Ощущая давление со стороны своего покровителя Фриновского, Миронов на исходе весны 1937 г., арестовав сначала всех отбывавших ссылку эсеров и меньшевиков, одновременно форсировал минимум полдесятка масштабных дел: ликвидацию «ровсовского заговора», призванную разгромить всех «бывших»; ликвидацию «правотроцкистского заговора» в среде руководства Запсибкрайкома ВКП (б) и крайисполкома, «военно-фашистского заговора» в СибВО (в конце мая 1937 г. Миронов лично допрашивал бывшего сибирского военного Е. М. Косьмина-Увжия, специально этапированного в Новосибирск с Северного Кавказа[240]); а также массовые дела «контрреволюционеров-сектантов» и бывших красных партизан. Эти дела стремительно захватили руководителей предприятий, включая крупнейшие военные заводы, городское и сельское партийно-советское начальство, интеллигенцию, а также многие тысячи рядовых граждан.
Таким образом, Миронов мог считать себя человеком, с опережением шедшим в правильном направлении во всём, что касалось репрессий. С местным руководством в лице властного Эйхе (привыкшего к большой самостоятельности) Миронов также смог поладить — больше методом кнута, чем пряника. Пряником были ритуальные упоминания о подготовке терактов над Эйхе, которые выбивались из большинства «террористов», кнутом — давление, в том числе с помощью директив союзного НКВД, с целью получить санкции на арест номенклатурных чиновников, нередко относившихся к ближайшему окружению первого секретаря.

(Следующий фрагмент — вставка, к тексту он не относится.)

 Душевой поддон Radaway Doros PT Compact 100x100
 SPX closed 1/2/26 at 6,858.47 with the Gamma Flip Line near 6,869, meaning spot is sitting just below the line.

Эйхе порой сопротивлялся, звонил в Москву с жалобами на Миронова и его подручного С. П. Попова, ведь каждый арестованный сотрудник краевого аппарата был знаком кадровой недобросовестности Эйхе. Надо полагать, в ЦК предпочитали слушать чекистов, а не Эйхе. И в итоге секретарь крайкома налагал однообразные резолюции: дескать, с арестом такого-то члена бюро крайкома согласен. А люди Миронова сочиняли очередной заговор против Эйхе, обвиняя арестованных в том, что они при посещении первым секретарём театра планировали уронить ему на голову стальную балку весом два с половиной центнера, обёрнутую в целях маскировки «куском сценичного полотна»…[241]

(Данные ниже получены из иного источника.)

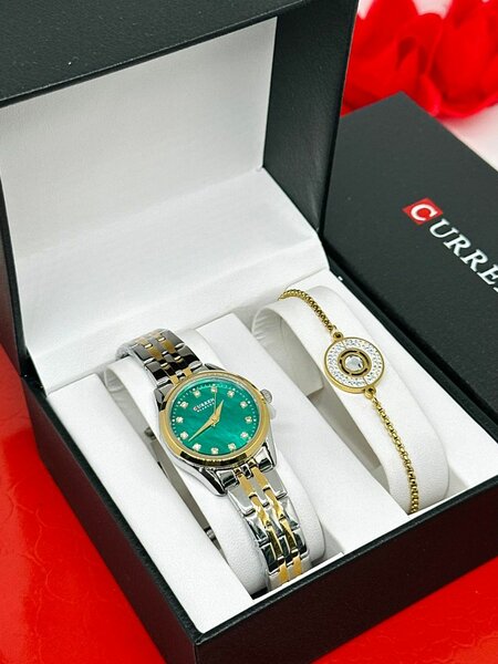 Découvrez cet ensemble élégant comprenant une montre dorée avec un cadran vert saisissant, accompagnée de bijoux assortis en forme de cœur. Parfait pour embellir vos tenues quotidiennes ou pour un cadeau inoubliable. Ce set est idéal pour ceux qui apprécient le style et l'élégance.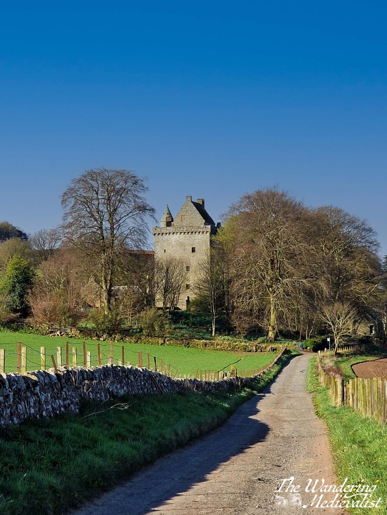 Scotstarvit Tower sits about half a mile off the road linking Craigrothie to Cupar. You cannot drive to it, but instead can find easy parking at the nearby National Trust property, the Hill of Tarvit mansion house. Parking is £3, and from the parking lot, I walked back towards the main road along a lovely tree tunnel.

В отношении своих кадров Миронов также оказался сторонником классической политики кнута и пряника. Многих оперативников, согласных на масштабные фальсификации, он выдвинул на руководящие должности, добился выделения им множества наград и званий. Мироновские замы и начальники отделов — Григорий Горбач, Серафим Попов, Дмитрий Гречухин — уже летом и осенью 37-го возглавили управления НКВД в Омске, Барнауле и Красноярске.